++++ MATERIAL FOR THIS EXERCISE ++++

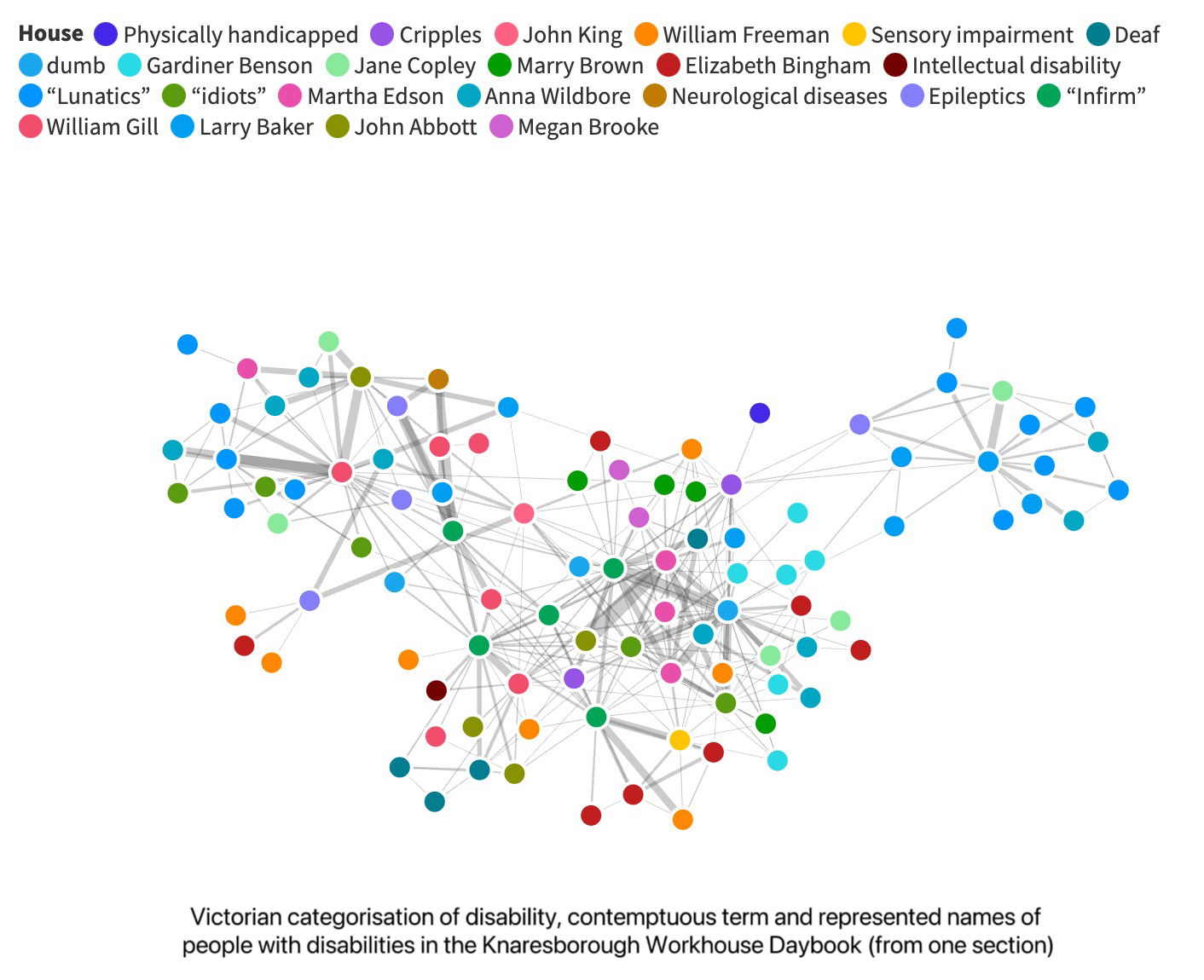 A wide range of disabilities existed in the Victorian era, from physical impairments to sensory, intellectual and neurological disorders. Many of these disabilities were caused by the harsh living and working conditions of the Industrial Revolution. It is worth noting that the term 'disability' was not used until recently and much of the language used in the Victorian era now seems offensive. The networked graph presents the Victorian social categorisation of disability groups and the practice of this categorisation model by the Poorhouse as the authoritative admission institution of the time. Each disability category was given a different contemptuous term, and they were interrelated and intertwined. We took a chapter from the Knaresborough Workhouse Daybook on the long-term inmates and found that they were categorized into different disability categories and contemptuous terms. The contemptuous terms reflect the stigmatization of individuals with disabilities at the time of the workhouse, and especially in British society, where capitalism was developing at a rapid rate. Multiple stigmatizations may be given to the same disabled individual, and multiple disabled individuals may in turn be stigmatized in the same label. A logic of internalized stigmatization of disabled individuals may arise in this situation: disabled individuals themselves imply labeled prejudice, and prejudice can also refer to disabled individuals. This graphic aims to illustrate that the social stigma of disability contains stereotypes, prejudices and strong exclusions, revealing the systemic logic of social norms and institutions that oppress persons with disabilities.
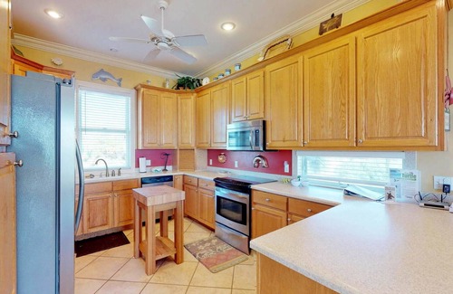 The dining room seats 10 for fantastic coastal meals, and the well-appointed kitchen with stainless steel appliances will make any chef happy. A breakfast bar that seats three is perfect for your morning cup of coffee or a quick sandwich.
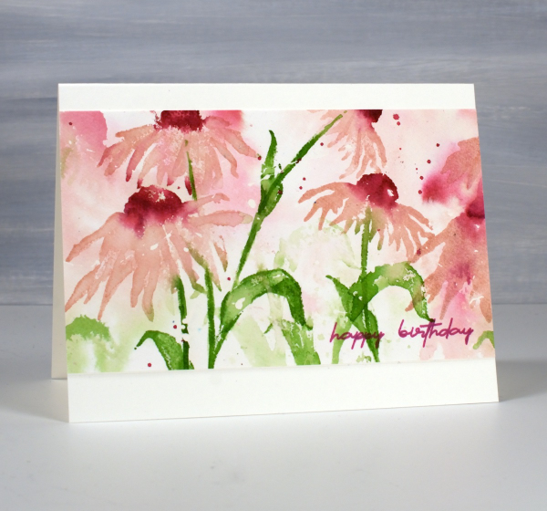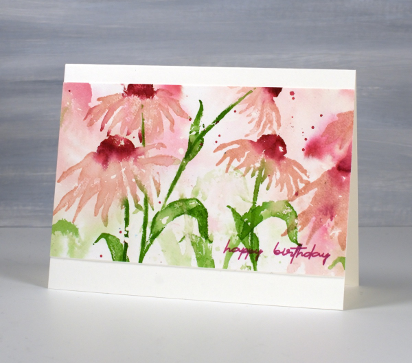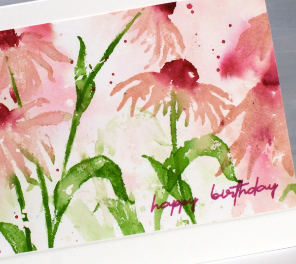 I created this panel on hot pressed watercolour paper a few years back as added inspiration for my Floral Faves online class but it was sitting in a folder not being enjoyed. I recently trimmed the ends off, turned it into a card and it is on it’s way to a friend for her birthday.
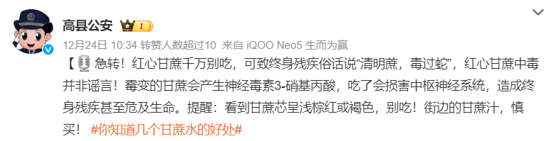 關(guān)于吃甘蔗中毒的案例屢見不鮮
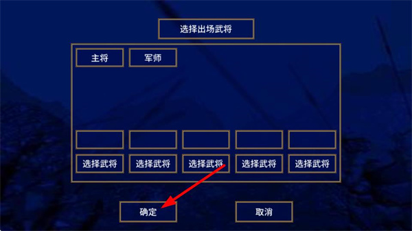 3、在選擇出場(chǎng)武將界面,選定主將、軍師及其他武將后,點(diǎn)擊確定按鈕即可確認(rèn)陣容,開(kāi)啟戰(zhàn)役。
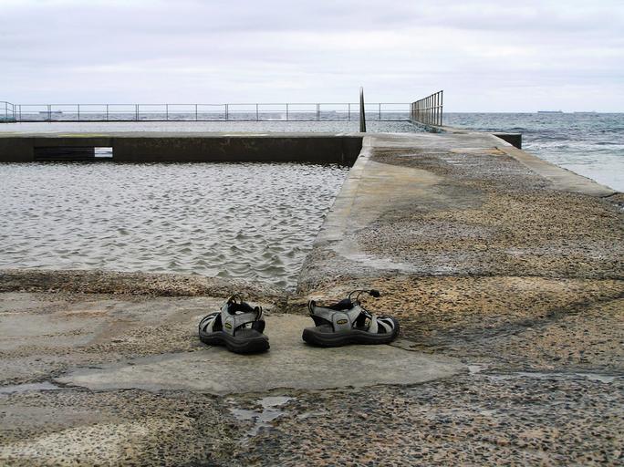 Keywords: beach pool shoes swim water rock cold cloudy concrete textures
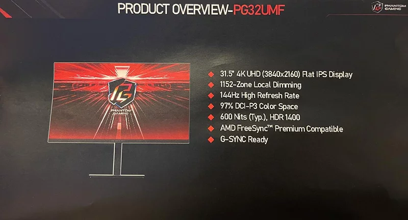 ASRock rzucił światło na PG32UMF, nadchodzący monitor do gier. Zaprezentowany na targach Computex 2023 wraz z monitorem PG558KFpG32UMF opiera się na 31,5-calowym panelu IPS z płaskim wykończeniem. Według ASRock, rozdzielczość panelu wynosi natywnie 4K (3840 x 2160) przy typowej szczytowej jasności 600 nitów. Monitor posiada jednak również certyfikat VESA DisplayHDR 1400, co oznacza, że w niektórych scenariuszach powinien być w stanie osiągnąć 1400 nitów.

++++

## TASK INSTRUCTIONS
When you copy the entries above, reproduce each line exactly and leave out any pictures.

## SOLVED EXERCISE
 A wide range of disabilities existed in the Victorian era, from physical impairments to sensory, intellectual and neurological disorders. Many of these disabilities were caused by the harsh living and working conditions of the Industrial Revolution. It is worth noting that the term 'disability' was not used until recently and much of the language used in the Victorian era now seems offensive. The networked graph presents the Victorian social categorisation of disability groups and the practice of this categorisation model by the Poorhouse as the authoritative admission institution of the time. Each disability category was given a different contemptuous term, and they were interrelated and intertwined. We took a chapter from the Knaresborough Workhouse Daybook on the long-term inmates and found that they were categorized into different disability categories and contemptuous terms. The contemptuous terms reflect the stigmatization of individuals with disabilities at the time of the workhouse, and especially in British society, where capitalism was developing at a rapid rate. Multiple stigmatizations may be given to the same disabled individual, and multiple disabled individuals may in turn be stigmatized in the same label. A logic of internalized stigmatization of disabled individuals may arise in this situation: disabled individuals themselves imply labeled prejudice, and prejudice can also refer to disabled individuals. This graphic aims to illustrate that the social stigma of disability contains stereotypes, prejudices and strong exclusions, revealing the systemic logic of social norms and institutions that oppress persons with disabilities.
 The dining room seats 10 for fantastic coastal meals, and the well-appointed kitchen with stainless steel appliances will make any chef happy. A breakfast bar that seats three is perfect for your morning cup of coffee or a quick sandwich.
 I created this panel on hot pressed watercolour paper a few years back as added inspiration for my Floral Faves online class but it was sitting in a folder not being enjoyed. I recently trimmed the ends off, turned it into a card and it is on it’s way to a friend for her birthday.
 關(guān)于吃甘蔗中毒的案例屢見不鮮
 3、在選擇出場(chǎng)武將界面,選定主將、軍師及其他武將后,點(diǎn)擊確定按鈕即可確認(rèn)陣容,開(kāi)啟戰(zhàn)役。
 Keywords: beach pool shoes swim water rock cold cloudy concrete textures
 ASRock rzucił światło na PG32UMF, nadchodzący monitor do gier. Zaprezentowany na targach Computex 2023 wraz z monitorem PG558KFpG32UMF opiera się na 31,5-calowym panelu IPS z płaskim wykończeniem. Według ASRock, rozdzielczość panelu wynosi natywnie 4K (3840 x 2160) przy typowej szczytowej jasności 600 nitów. Monitor posiada jednak również certyfikat VESA DisplayHDR 1400, co oznacza, że w niektórych scenariuszach powinien być w stanie osiągnąć 1400 nitów.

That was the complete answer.